Trump has shown from the start of his political career that he enjoys igniting and intensifying feuds. A battle with DeSantis, if it happens, will likely be especially fierce.
“Trump does best and is most effective when he has an opponent,” said Doug Heye, a former communications director for the Republican National Committee. “In this case, we don’t really know yet if DeSantis runs or not. So Trump has to create an opponent in DeSantis.”
Heye argued that on one hand this could be a challenge, since DeSantis is beloved by the populist-right base and is less easy to vilify with those voters than a more moderate figure would be.
That said, DeSantis faces challenges too. Getting past Trump at all will be a formidable task — and it will likely be made more difficult the more candidates get into the race.
“He still has to go out and earn it. This won’t he handed to him,” Heye said. “And those other people who are running are not about to roll over just because he is in the race.”
From the Democratic perspective, strategist Mark Longabaugh also hit a note of skepticism about DeSantis, arguing that his public persona is “brittle” and questioning whether he would live up to the hype.
Longabaugh pointed to past conservative Republicans whose candidacies were the subject of early excitement but fell flat.
He cited then-Wisconsin Gov.
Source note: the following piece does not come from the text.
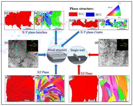 Figure 7 illustrates the EBSD-phase structure, EBSD-inverse pole figure (IPF), and TEM analysis of FeCoCrNi-LMD bulk and single walls. To analyze the difference between the X-Y lap joint and the non-lap joint in the bulk material, the grains were divided into two categories based on their position using the post-processing function of EBSD. One category consists of grains located at the overlap of the bulk X-Y plane, as shown in Figure 7(a1,b1). The second category encompasses grains positioned outside the bulk X-Y plane, as illustrated in Figure 7(a2,b2). In Figure 7(a1,b1,e1,f1), the phase structure is presented across various planes: the X-Y plane at the bulk material interface, the X-Y plane at the bulk material center, the X-Z plane of the bulk material, and the X-Z plane of the single wall. In the EBSD-phase structure, the FCC phase is highlighted in red, while the BCC phase is depicted in blue. Notably, both the bulk material and the single wall exhibit an FCC phase. Turning to Figure 7c,d, these images display the bright-field image and electron diffraction spots of the FeCoCrNi-LMD material. The presence of FCC phase is indicated by the electron diffraction spots in both images. This confirms that alterations in the scanning strategy do not impact the phase structure of FeCoCrNi-LMD.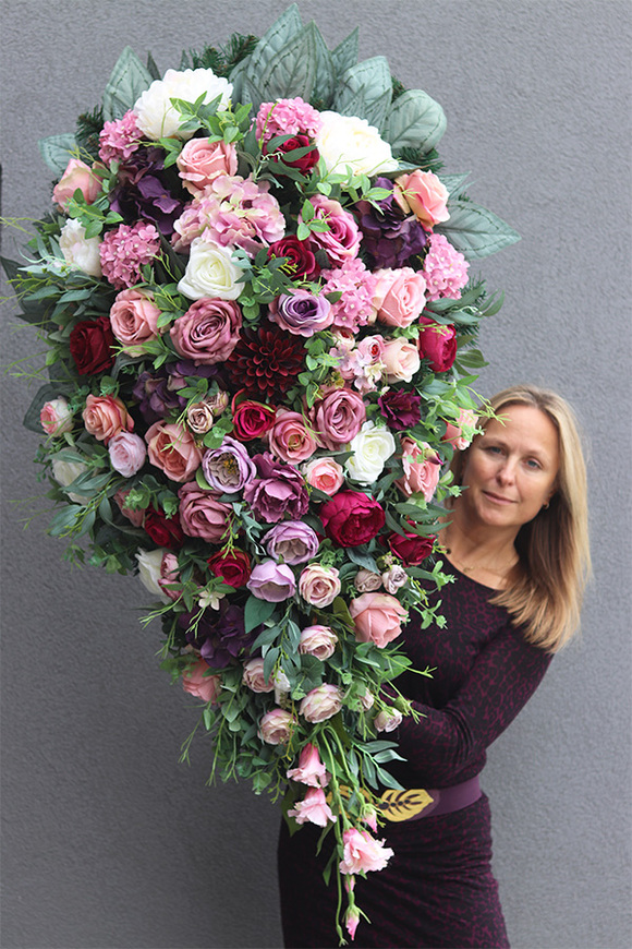 Piękna wiązanka nagrobna na sztucznej igle została ułożona w tonacji różowego fioletu z kwiatów róż, hortensji, pięknej eustomy. Ta pełna kwiatów kompozycja jest wyjatkowo efektowną i przyciągającą uwagę kolorystyką i doskonałym kształtem dekoracją. Wiązanka suto wypełniona piękną zielenią różnorodnych liści, pędami barwinka i eukaliptusa, gustownie wkomponowanych w całość.

Scott Walker in 2016 and then-Texas Gov. Rick Perry in 2012.
Biden and his party also believe they have an inviting target in terms of DeSantis’s embrace of hot-button social issues.
After DeSantis and his administration came out against an Advanced Placement course in African-American history last month, Jean-Pierre told reporters at a White House briefing that the decision was “incomprehensible”— and that the “study of Black Americas” itself was something that DeSantis “wants to block.”
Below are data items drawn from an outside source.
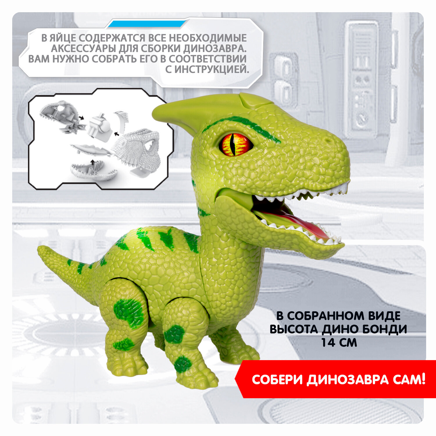 Сборный динозавр Дино Бонди. Паразауролоф со светом и звуком в яйце Bondibon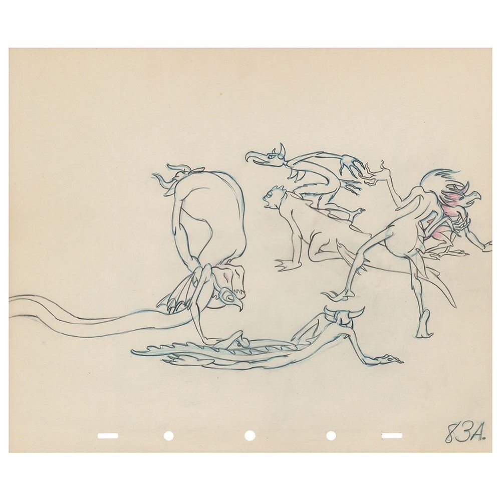 (Walt Disney Studios, 1940) Highly detailed original production drawing featuring Chernabog's grotesque demons in the terrifying 'Night on Bald Mountain' segment of Fantasia. Accomplished in graphite and colored pencil on untrimmed 12 x 10 animation paper, marked "83A" in the lower corner. Total image measures 12 x 5.5. In fine condition.
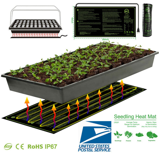 10" x 20" Seedling Heat Mat IP67 Waterproof Plant Warm Hydroponic Heating Pad 17.5W for Seed Germination Cloning Plant Propagation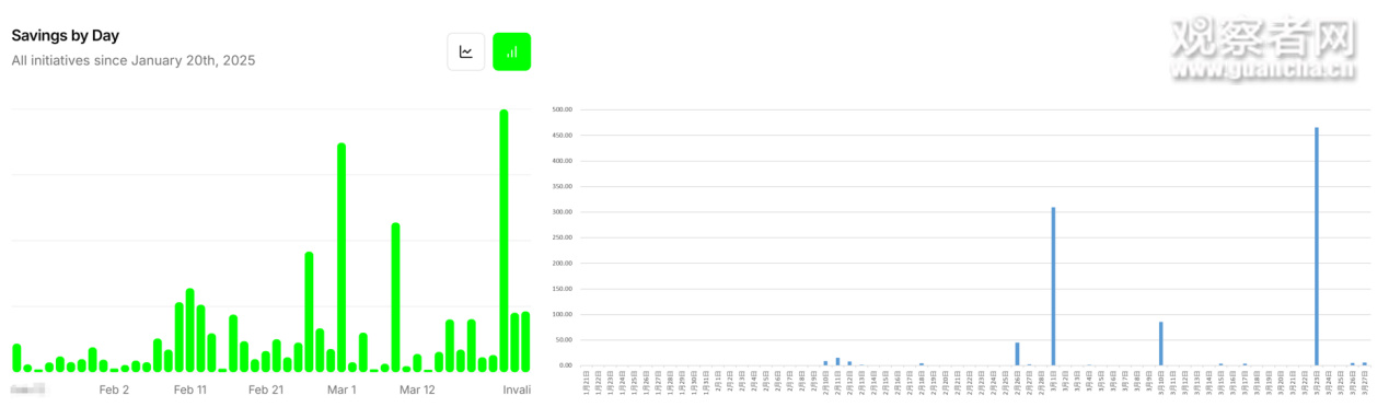 截至4月7日,DOGE官網已公示的每日削減開支圖(左),及根據其數據重新繪製圖(右)對比,同樣的數據,圖表差異巨大。 圖表來源:作者自制。

Longabaugh, for his part, questioned whether DeSantis’s views on such topics really had “a broad constituency” of support.
There is an easy counter-argument for DeSantis to make, of course. He won re-election in Florida — a battleground state until recently — by almost 20 points in November.
Todd Belt, the director of the political management program at George Washington University, cautioned that “Democrats are having a difficult time right now trying to figure out how they counter the culture war arguments” coming from the GOP.
Either way, both Biden and Trump have reason to fear DeSantis.
And that’s one reason why the knives are being sharpened so early.
The Memo is a reported column by Niall Stanage.